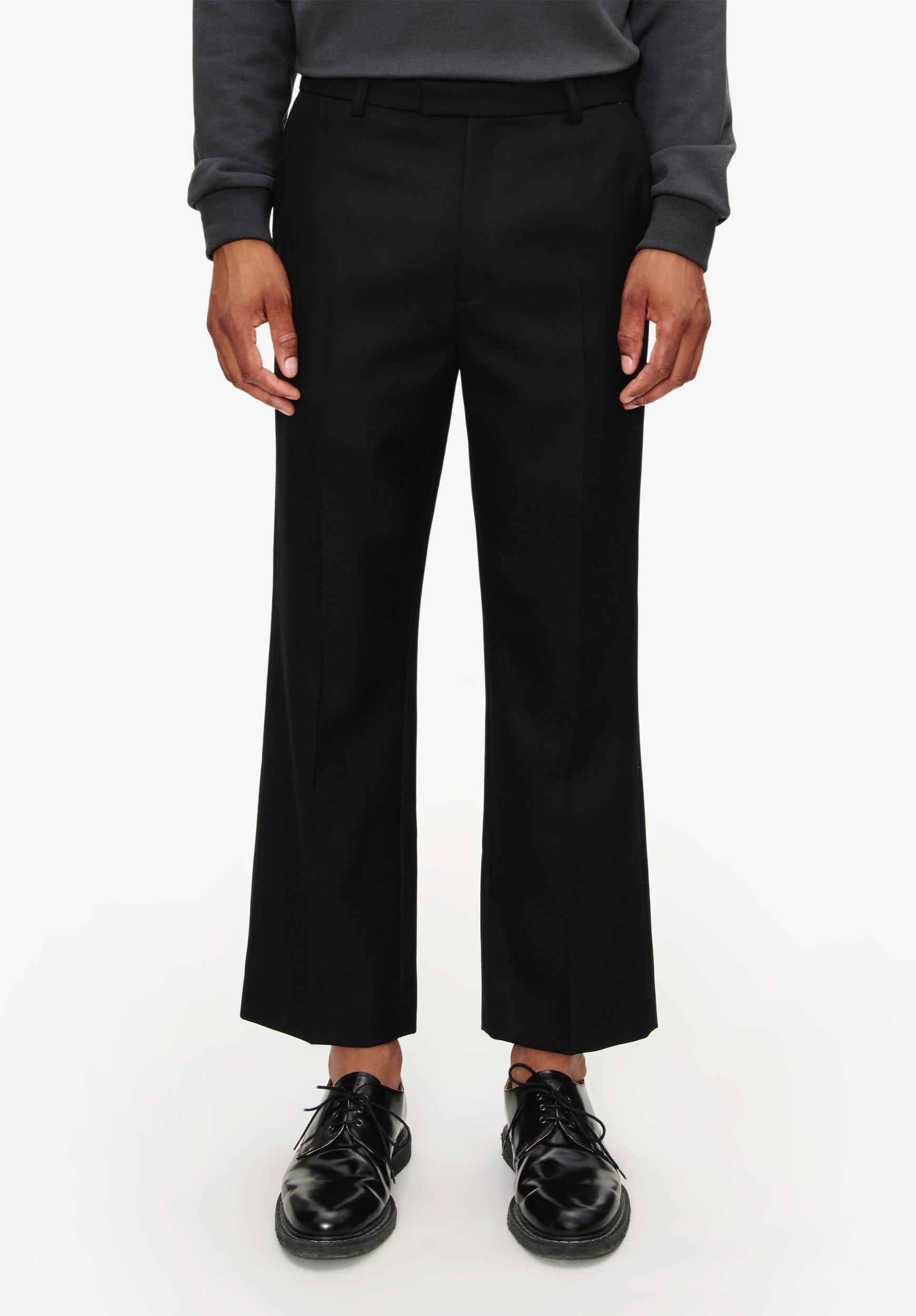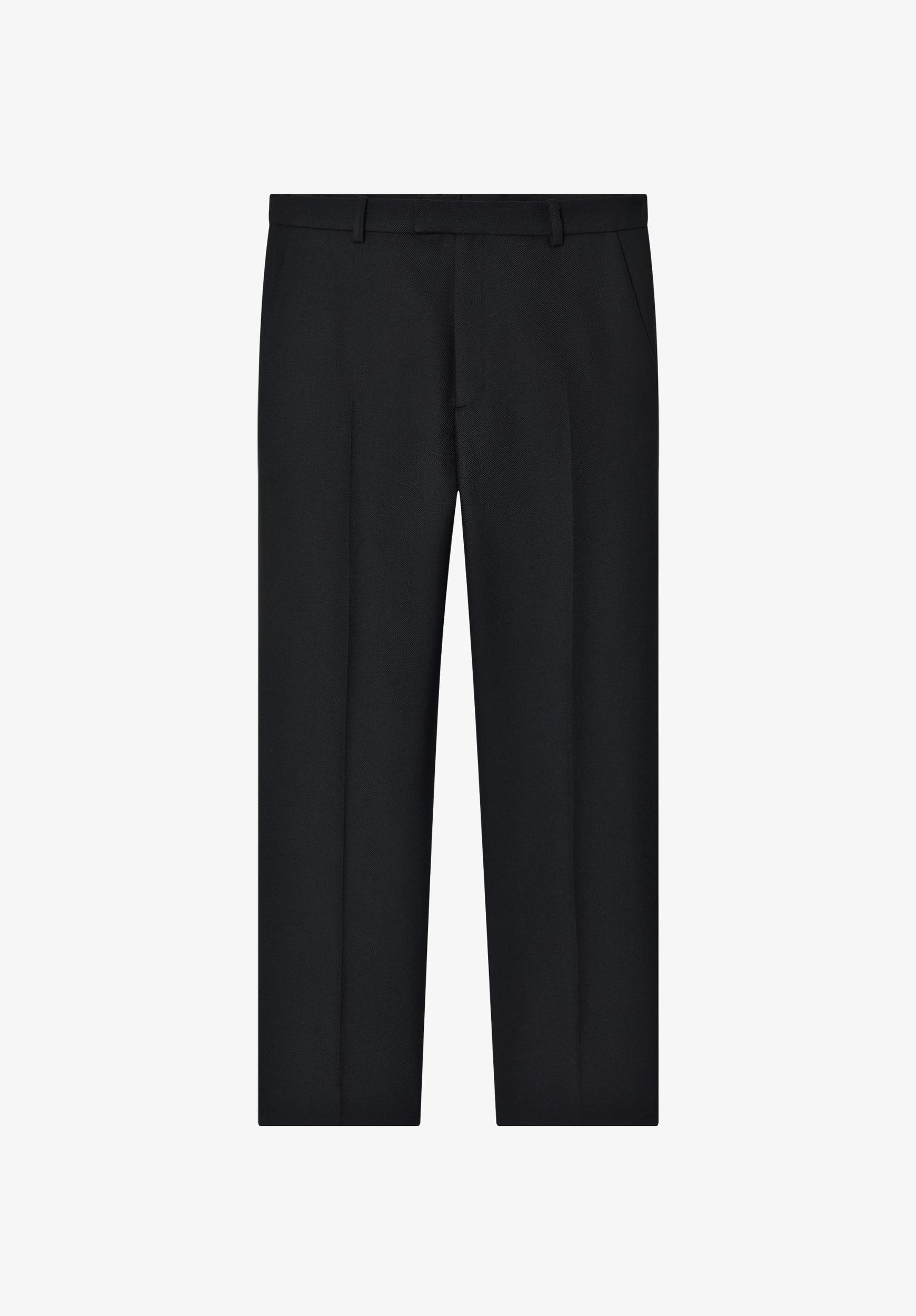 - Straight cut. - Mid-rise. - Front and back creases. - Hidden button closure. - Two side pockets and two back pockets.
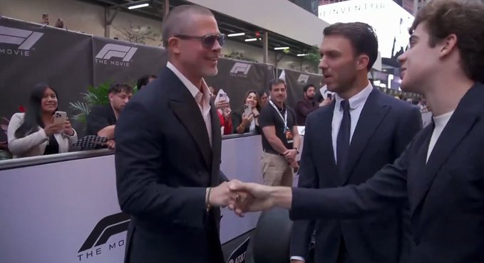 Colapinto asistió acompañado por el equipo Alpine, junto al también piloto Pierre Gasly. Ambos se acercaron a Pitt, quien los saludó con entusiasmo y se tomó fotos con ellos para la prensa y los fanáticos.
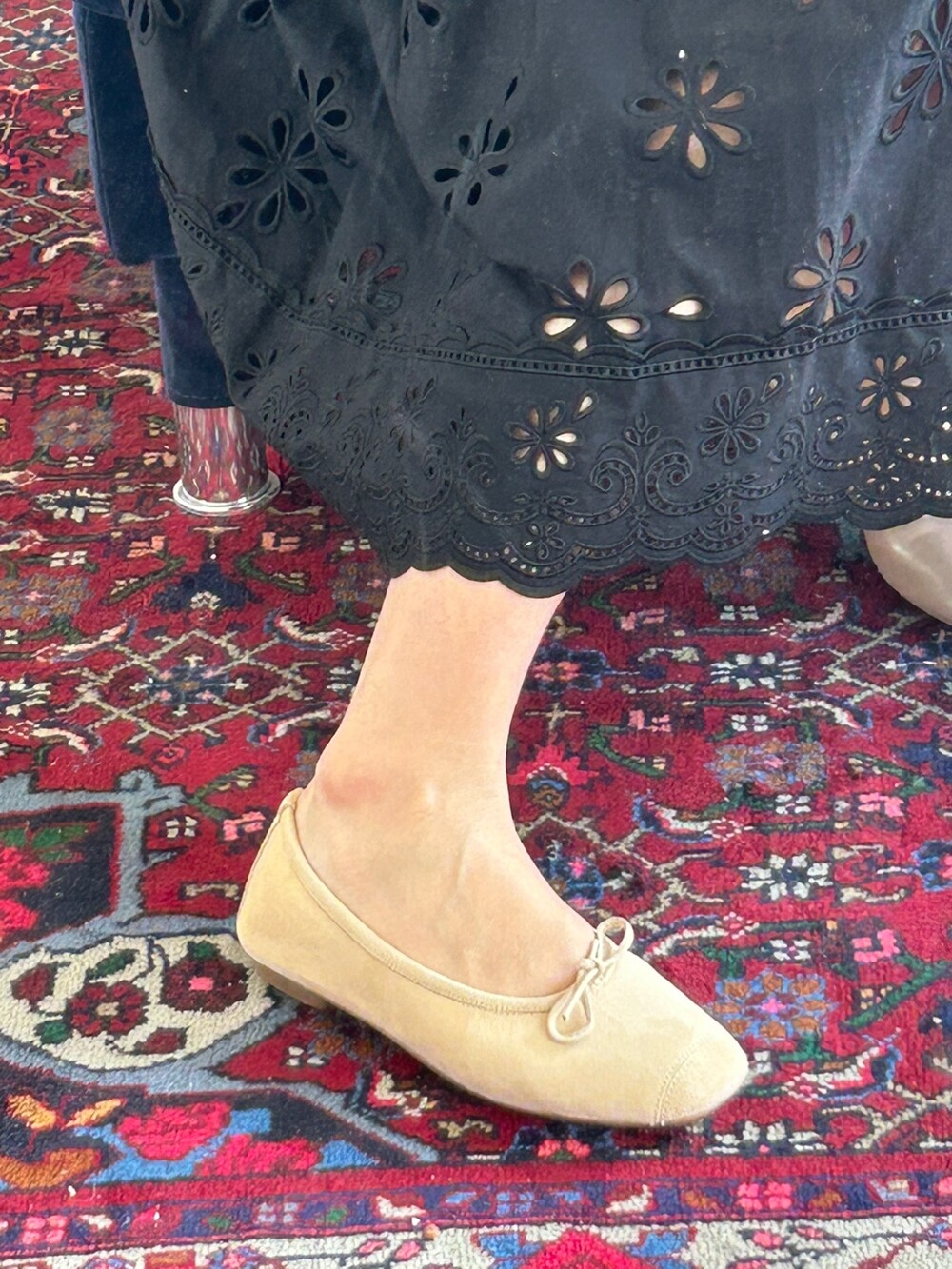 페일하고 여성스러운 느낌의 베이지 컬러입니다. 봄이나 여름엔 맨발에, 가을이나 겨울엔 패턴이 강한 양말과 신으면 예쁜 상품입니다.

[TASK ITEM]
Apart from the pictures, all of the data should be repeated exactly.

[EXPECTED ANSWER]
 - Straight cut. - Mid-rise. - Front and back creases. - Hidden button closure. - Two side pockets and two back pockets.
 Colapinto asistió acompañado por el equipo Alpine, junto al también piloto Pierre Gasly. Ambos se acercaron a Pitt, quien los saludó con entusiasmo y se tomó fotos con ellos para la prensa y los fanáticos.
 페일하고 여성스러운 느낌의 베이지 컬러입니다. 봄이나 여름엔 맨발에, 가을이나 겨울엔 패턴이 강한 양말과 신으면 예쁜 상품입니다.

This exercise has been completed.